Yuriy Fenin

Personal information
- Date of birth: 28 March 1977 (age 47)
- Place of birth: Bilozerka, Ukrainian SSR
- Position(s): Forward

Senior career*
- Years: Team / Apps / (Gls)
- 1992–1994: Tavriya Simferopol / 8 / (0)
- 1994–1995: Meliorator Kakhovka / 24 / (2)
- 1995: Tavriya Simferopol / 5 / (0)
- 1996: Constructorul Chișinău / 10 / (2)
- 1997: CSA Victoria Cahul / 7 / (1)
- 1998: Torpedo-Kadino Mogilev / 10 / (1)
- 1999–2000: Vedrich-97 Rechitsa / 26 / (9)
- 2000–2001: Levadia Maardu / 34 / (13)
- 2001–2002: Levadia Pärnu / 21 / (6)
- 2002–2003: Levadia Tallinn / 24 / (9)
- 2005: Pakri SK / 13 / (8)
- 2006–2009: Maardu Esteve / 55 / (31)
- 2010: Keskerakonna JK / 13 / (7)
- 2011–2014: MC Tallinn / 58 / (10)
- 2015: Maardu United

= Yuriy Fenin =

Ukrainian footballer

Yuriy Fenin (born 28 March 1977) is a Ukrainian professional football forward who most recently played for various clubs in Estonian lower leagues.

==Career==
Fenin began his playing career with SC Tavriya Simferopol in the Ukrainian Premier League.
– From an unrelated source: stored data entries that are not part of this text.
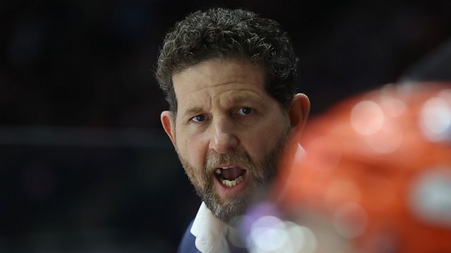 Sheffield Steelers head coach Aaron Fox speaking to Peter Spencer, after their 8-1 win over Glasgow Clan.
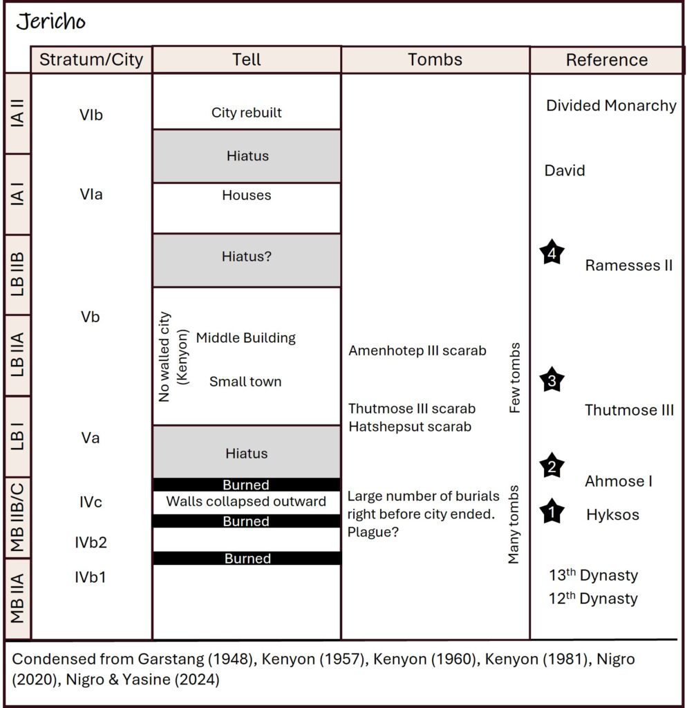 • While there was evidence of Late Bronze Age burials in Jericho’s tombs and some level of occupation on the tell, there was no walled city at Jericho during all of the Late Bronze Age. The volume of Late Bronze burials is tiny compared to that of the preceding Middle Bronze Age, suggestion a much smaller population or reuse of the tombs by the local nomadic population.
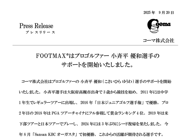 FOOTMAXはプロゴルファー 小斉平 優和選手のサポートを開始いたしました。

He held the record in Ukraine for being the youngest professional player of the Ukrainian Premier League when at the age of 15 years and 221 days played for Tavriya Simferopol against FC Zorya-MALS Luhansk, before the record was beaten by Kyrylo Dihtyar from Metalist Kharkiv in 2023.